START Records supplied

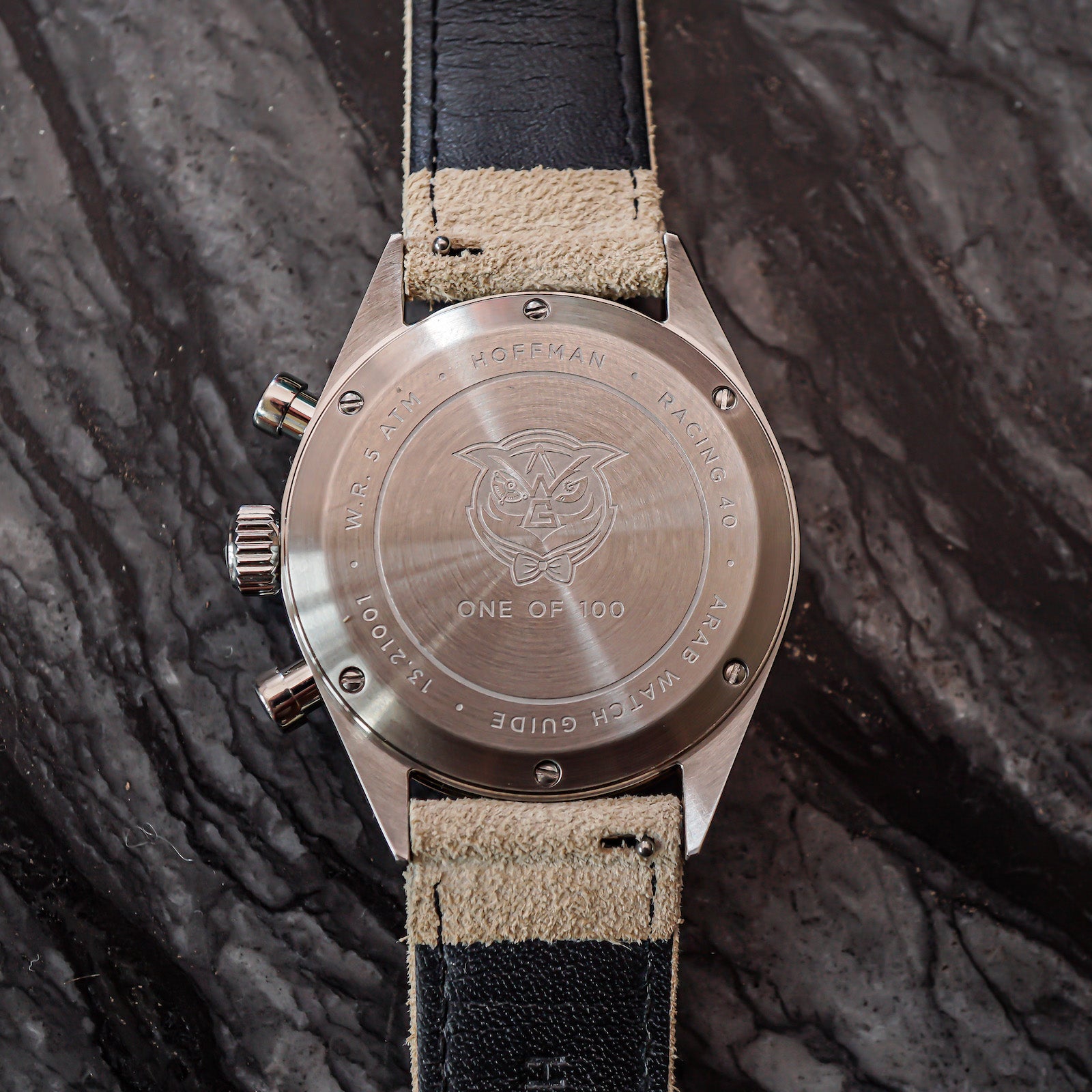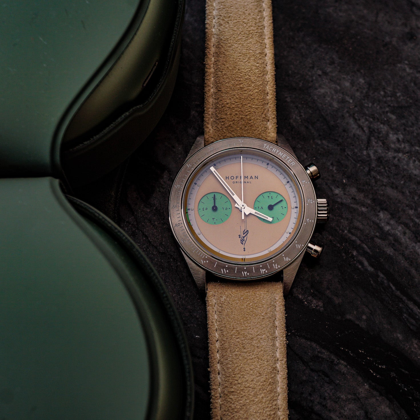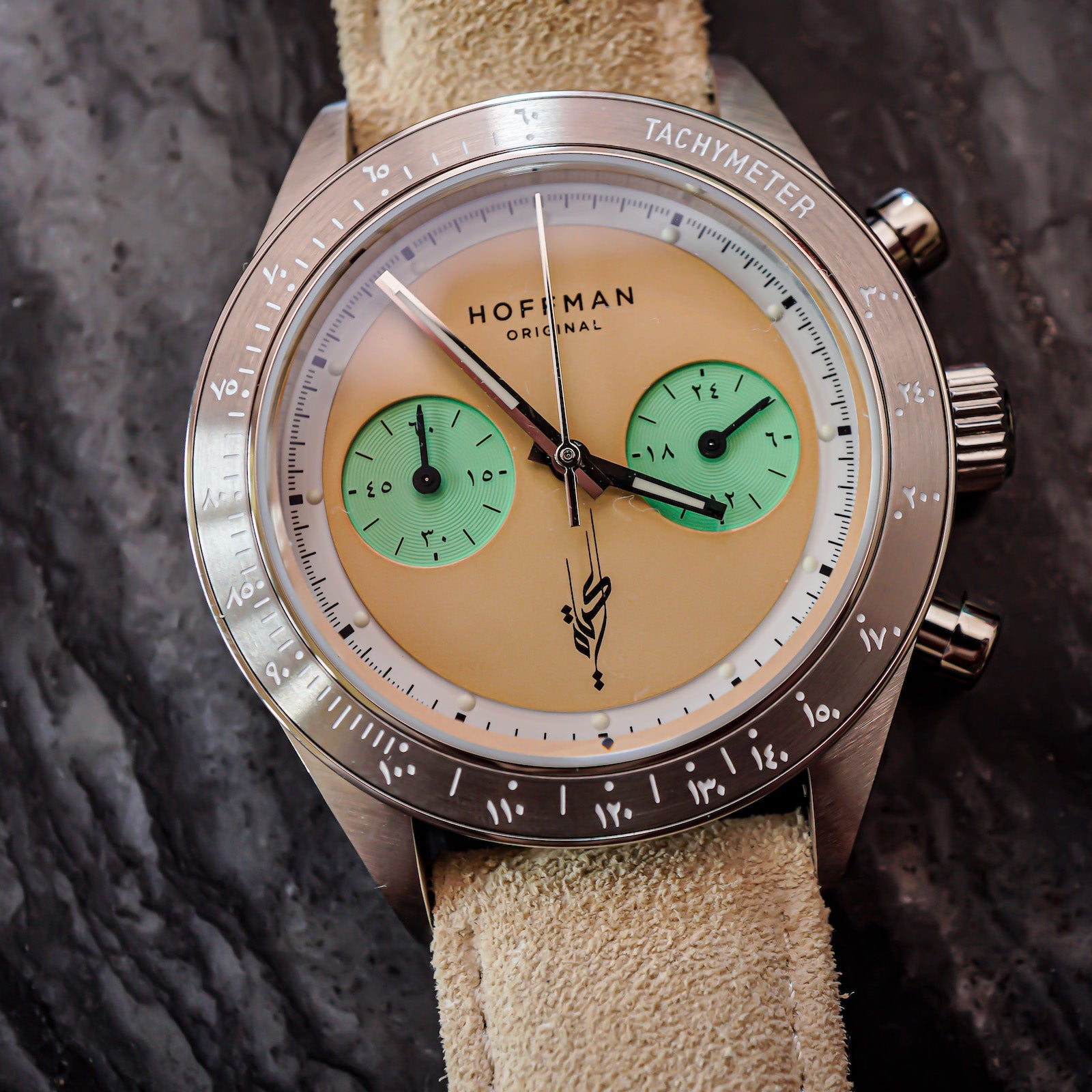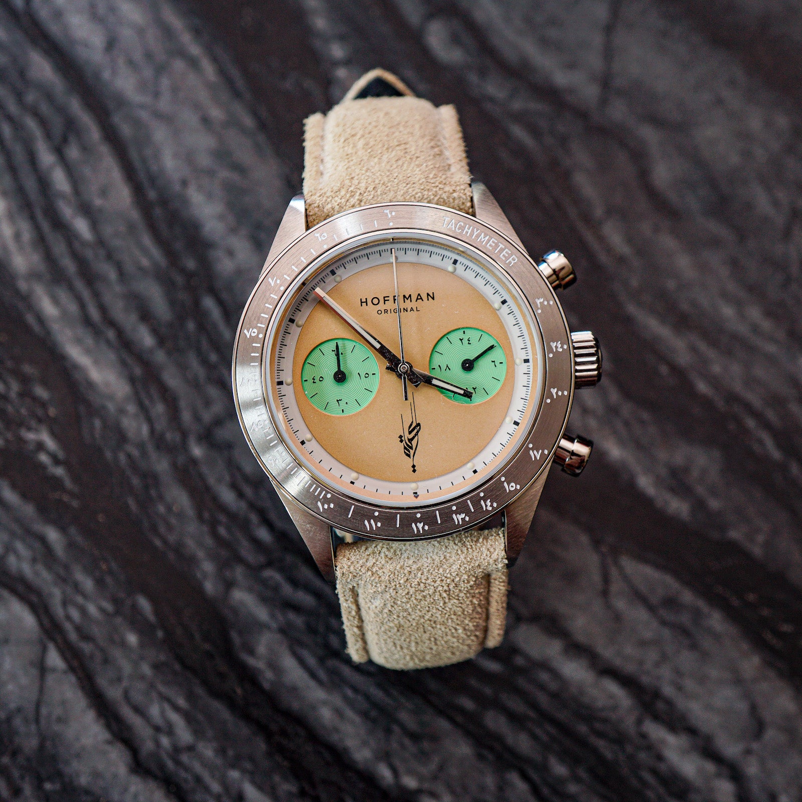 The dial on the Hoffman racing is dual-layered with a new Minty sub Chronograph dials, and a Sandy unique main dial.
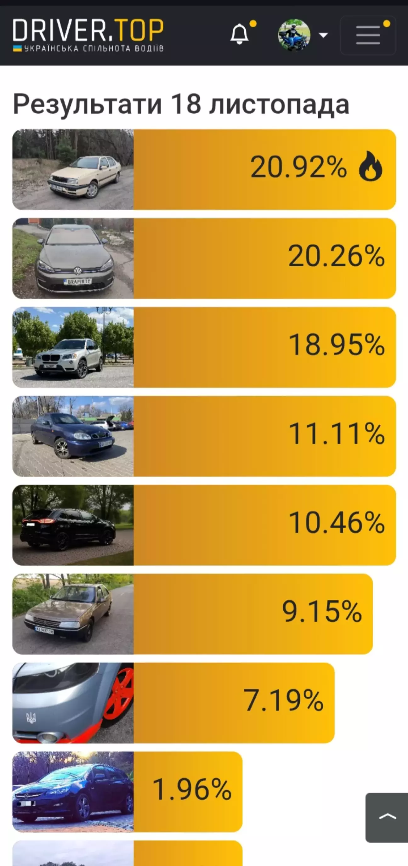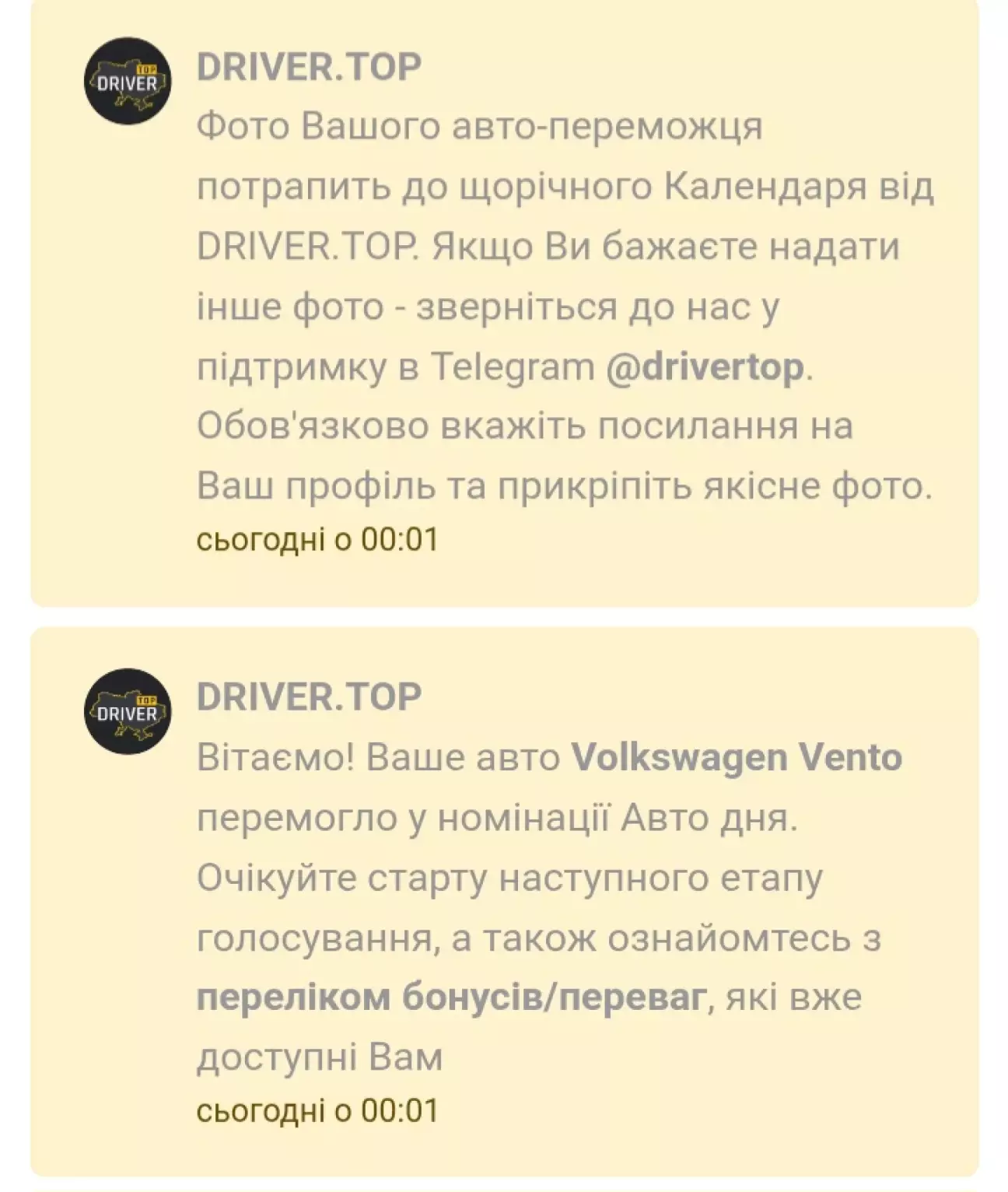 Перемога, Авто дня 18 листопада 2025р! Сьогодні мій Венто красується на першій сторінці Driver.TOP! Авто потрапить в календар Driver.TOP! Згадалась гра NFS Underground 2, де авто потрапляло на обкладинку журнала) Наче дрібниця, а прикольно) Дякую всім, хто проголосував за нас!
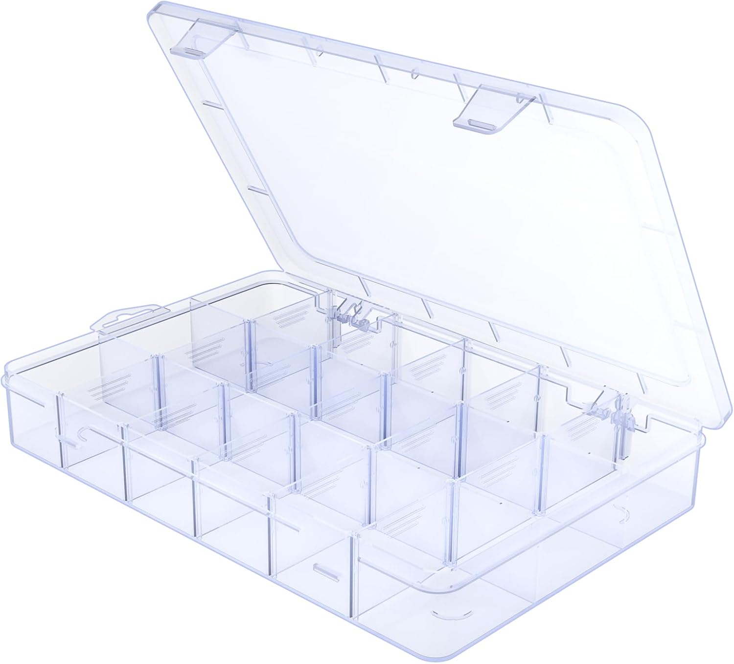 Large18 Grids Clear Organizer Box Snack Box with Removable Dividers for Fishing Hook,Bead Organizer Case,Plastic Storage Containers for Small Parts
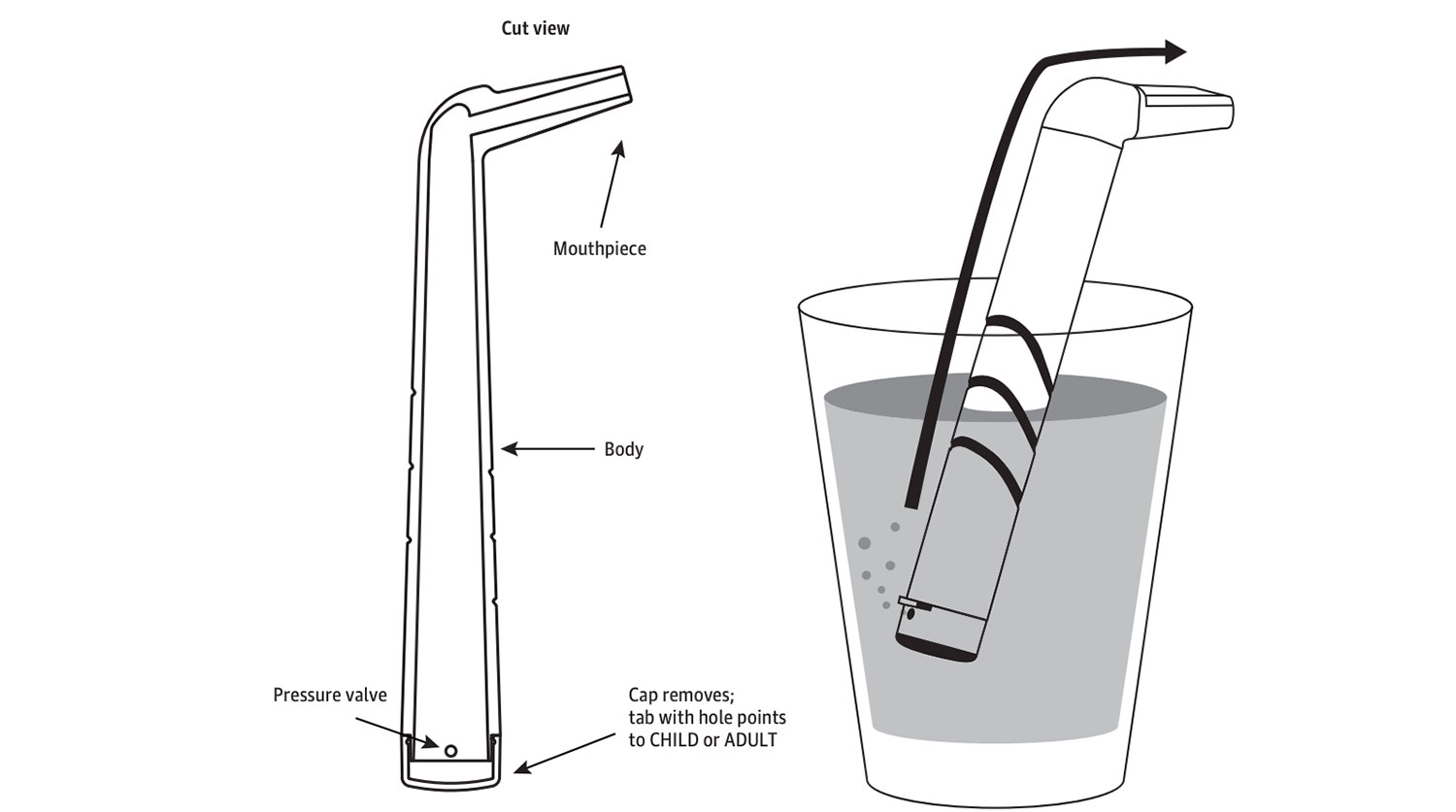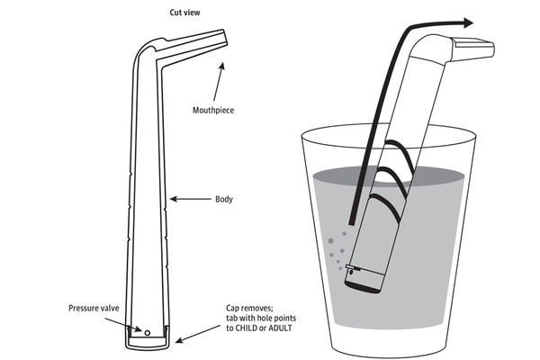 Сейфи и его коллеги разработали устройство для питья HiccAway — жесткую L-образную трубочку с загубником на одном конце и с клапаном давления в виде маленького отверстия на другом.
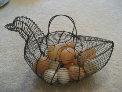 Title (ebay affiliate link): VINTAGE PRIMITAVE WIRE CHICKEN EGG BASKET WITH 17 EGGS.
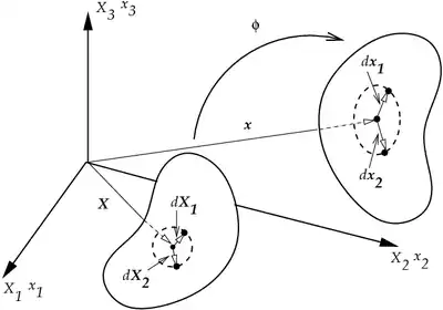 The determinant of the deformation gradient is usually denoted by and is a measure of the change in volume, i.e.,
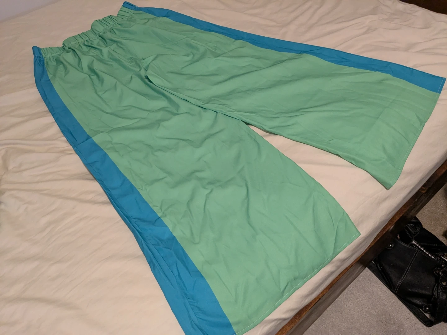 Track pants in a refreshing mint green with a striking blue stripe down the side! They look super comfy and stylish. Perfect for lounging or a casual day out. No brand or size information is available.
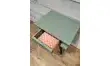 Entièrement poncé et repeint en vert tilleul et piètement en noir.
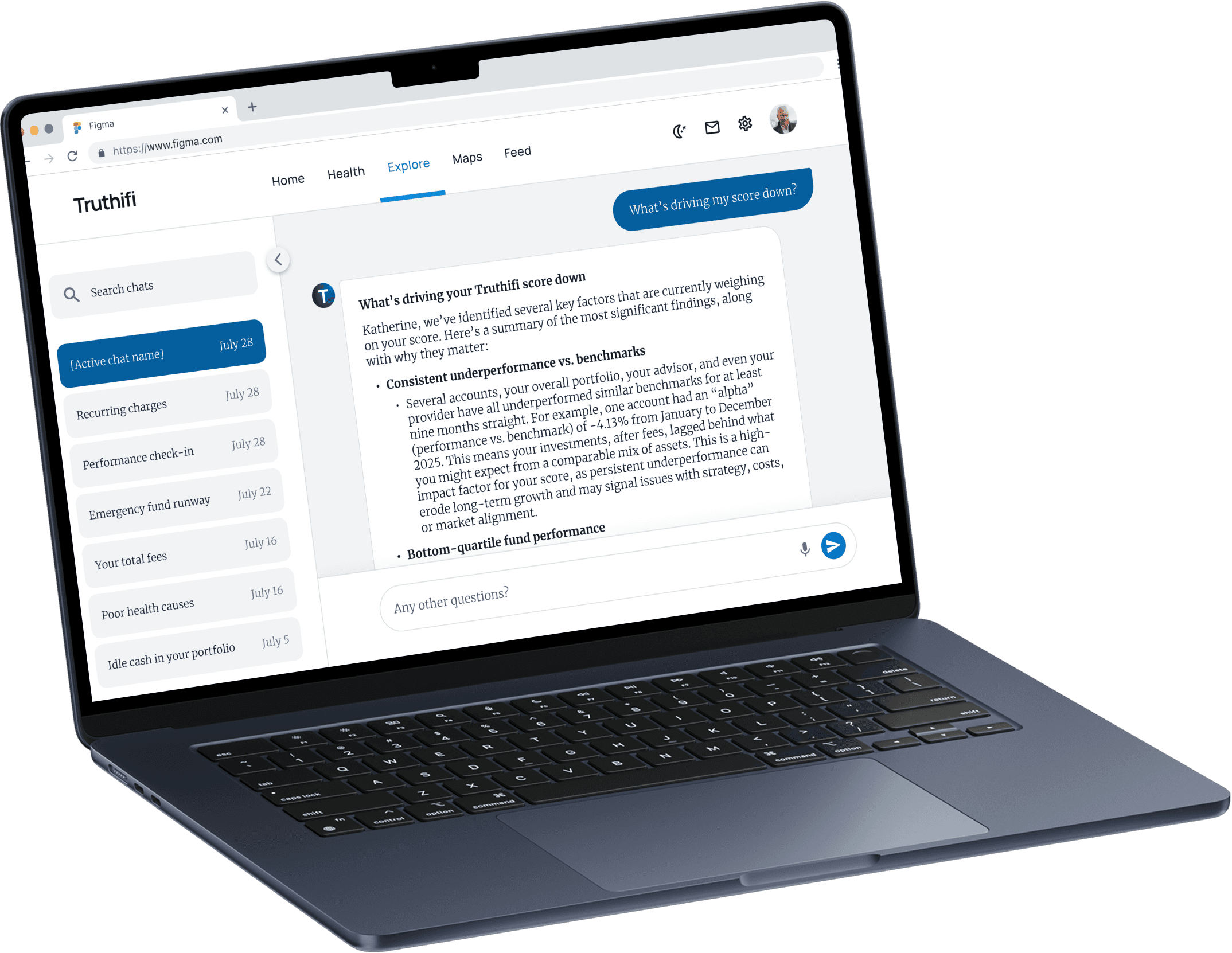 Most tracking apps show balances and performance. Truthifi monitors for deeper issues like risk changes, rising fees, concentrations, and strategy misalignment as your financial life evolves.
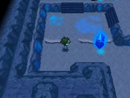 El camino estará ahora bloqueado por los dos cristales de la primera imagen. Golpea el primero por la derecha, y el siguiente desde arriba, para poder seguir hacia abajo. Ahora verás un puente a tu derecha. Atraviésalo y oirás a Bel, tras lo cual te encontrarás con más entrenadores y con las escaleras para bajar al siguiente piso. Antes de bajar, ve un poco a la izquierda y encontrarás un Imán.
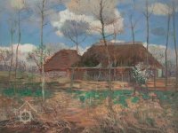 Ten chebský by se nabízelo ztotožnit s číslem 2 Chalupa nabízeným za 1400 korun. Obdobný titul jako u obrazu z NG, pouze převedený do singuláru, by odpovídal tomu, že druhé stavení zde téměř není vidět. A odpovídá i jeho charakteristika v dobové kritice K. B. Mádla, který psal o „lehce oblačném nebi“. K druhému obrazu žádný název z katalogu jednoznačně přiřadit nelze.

END Records supplied

## Work instructions
Every record above must be repeated exactly, with the pictures dropped.

## Your response
 The dial on the Hoffman racing is dual-layered with a new Minty sub Chronograph dials, and a Sandy unique main dial.
 Перемога, Авто дня 18 листопада 2025р! Сьогодні мій Венто красується на першій сторінці Driver.TOP! Авто потрапить в календар Driver.TOP! Згадалась гра NFS Underground 2, де авто потрапляло на обкладинку журнала) Наче дрібниця, а прикольно) Дякую всім, хто проголосував за нас!
 Large18 Grids Clear Organizer Box Snack Box with Removable Dividers for Fishing Hook,Bead Organizer Case,Plastic Storage Containers for Small Parts
 Сейфи и его коллеги разработали устройство для питья HiccAway — жесткую L-образную трубочку с загубником на одном конце и с клапаном давления в виде маленького отверстия на другом.
 Title (ebay affiliate link): VINTAGE PRIMITAVE WIRE CHICKEN EGG BASKET WITH 17 EGGS.
 The determinant of the deformation gradient is usually denoted by and is a measure of the change in volume, i.e.,
 Track pants in a refreshing mint green with a striking blue stripe down the side! They look super comfy and stylish. Perfect for lounging or a casual day out. No brand or size information is available.
 Entièrement poncé et repeint en vert tilleul et piètement en noir.
 Most tracking apps show balances and performance. Truthifi monitors for deeper issues like risk changes, rising fees, concentrations, and strategy misalignment as your financial life evolves.
 El camino estará ahora bloqueado por los dos cristales de la primera imagen. Golpea el primero por la derecha, y el siguiente desde arriba, para poder seguir hacia abajo. Ahora verás un puente a tu derecha. Atraviésalo y oirás a Bel, tras lo cual te encontrarás con más entrenadores y con las escaleras para bajar al siguiente piso. Antes de bajar, ve un poco a la izquierda y encontrarás un Imán.
 Ten chebský by se nabízelo ztotožnit s číslem 2 Chalupa nabízeným za 1400 korun. Obdobný titul jako u obrazu z NG, pouze převedený do singuláru, by odpovídal tomu, že druhé stavení zde téměř není vidět. A odpovídá i jeho charakteristika v dobové kritice K. B. Mádla, který psal o „lehce oblačném nebi“. K druhému obrazu žádný název z katalogu jednoznačně přiřadit nelze.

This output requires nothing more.